Lawmakers had been called back for a special session this week by Republican Gov. Henry McMaster to continue work on Senate Bill 474, known as the “Fetal Heartbeat and Protection from Abortion Act,” which bans most abortions after early cardiac activity can be detected in a fetus or embryo, which can commonly be detected as early as six weeks into pregnancy, before many women know they are pregnant.
The bill will now head to the Republican-controlled state Senate, where lawmakers will consider changes made by the House. The Senate passed the initial version of the bill back in February.
Even if approved by the Senate, it remains to be seen whether the law would survive a court challenge. The state Supreme Court earlier this year struck down a similar six-week ban over privacy concerns.
But were the new legislation to go into effect, it would mean that the entire US South, with the exception of Virginia, has moved to significantly curtail abortion rights since the US Supreme Court overturned Roe v. Wade last year.

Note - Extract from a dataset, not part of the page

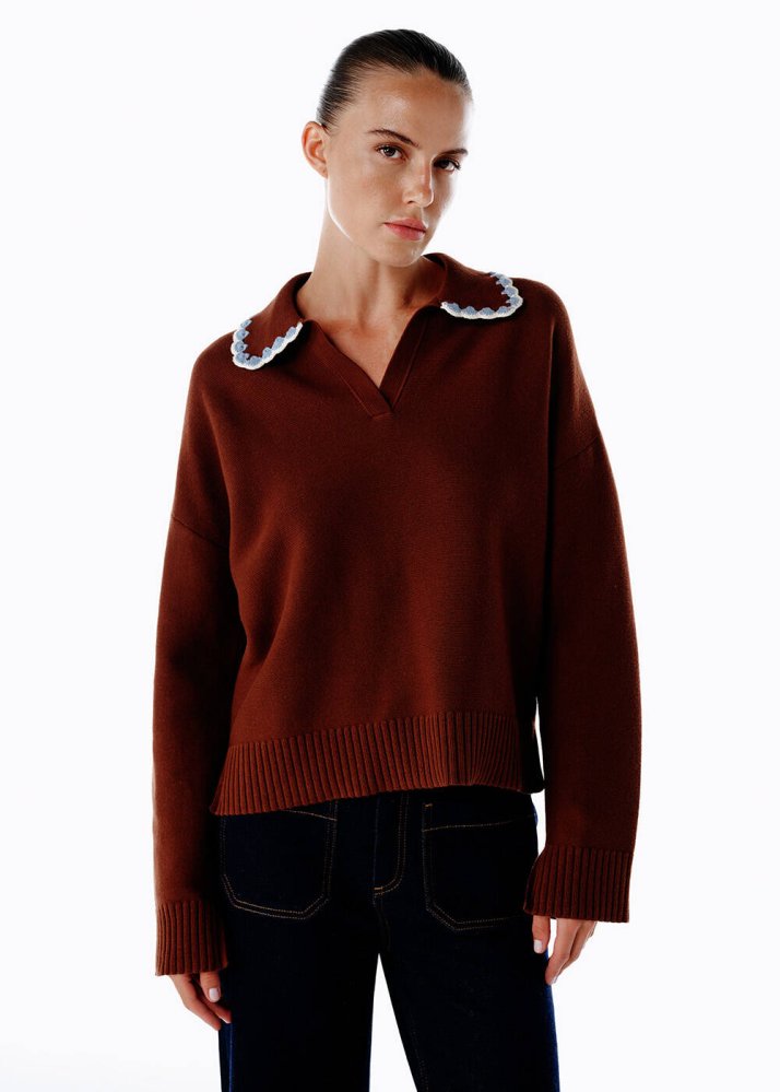 Kontrast renkli v yaka kahverengi triko, Knitss’in konfor ve zarafeti birleştiren tasarımlarından biri. Kahverenginin doğal sıcaklığına yaka detayında kontrast renk geçişleri eşlik ederken, trikonun yumuşak dokusu cilde zarif bir temas sunar. İtalyan iplik kalitesiyle üretilen bu model, sade ama dikkat çekici bir görünüm vadeder. İster triko pantolonlarla ister denimlerle zahmetsiz bir şekilde kombinleyin. Her koşulda modern, konforlu ve kusursuz bir duruş sizinle.

The state House voted 82-33 to advance the amended bill, with two Democrats joining Republicans in the chamber, but not before debate on the legislation dragged on for hours over multiple days.
Democratic lawmakers had filed more than 1,000 amendments to the legislation and vowed to make fellow legislators consider all of them, while Republicans said they would stay to work on the bill for as long as it took.
“We have no intention of pulling any amendments. We are going to make it hurt if they are going to force this on us,” Democratic state Rep. Beth Bernstein said.
Asked by CNN’s Jake Tapper on Wednesday whether the Democrats were “delaying the inevitable” passage of the measure, Bernstein conceded that “unfortunately” they were but that they also sought to raise awareness around it.
“[T]he reason these amendments are being filed is so we can have that voice and so people can understand what we’re doing at the statehouse is we’re effectively banning abortion,” Bernstein said on “The Lead.”
South Carolina passed a similar 6-week abortion ban in 2021, but the state Supreme Court struck it down earlier this year, concluding that the state constitution’s privacy protections require limits on the procedure to allow women sufficient time to end a pregnancy.
Recent efforts to pass further restrictions on abortion also faltered in April when the state Senate failed to pass the “Human Life Protection Act,” which would have banned most abortions in the state, in a 22-21 vote with five women voting against it – including three Republicans. The bill had previously passed in the state House and included exceptions for incidents of rape or incest.
Consideration on South Carolina’s latest abortion bill came as lawmakers in neighboring North Carolina moved on Tuesday to ban most abortions after 12 weeks after the state’s Republican-led General Assembly overrode a veto by Democratic Gov. Roy Cooper.
This headline and story have been updated with additional developments.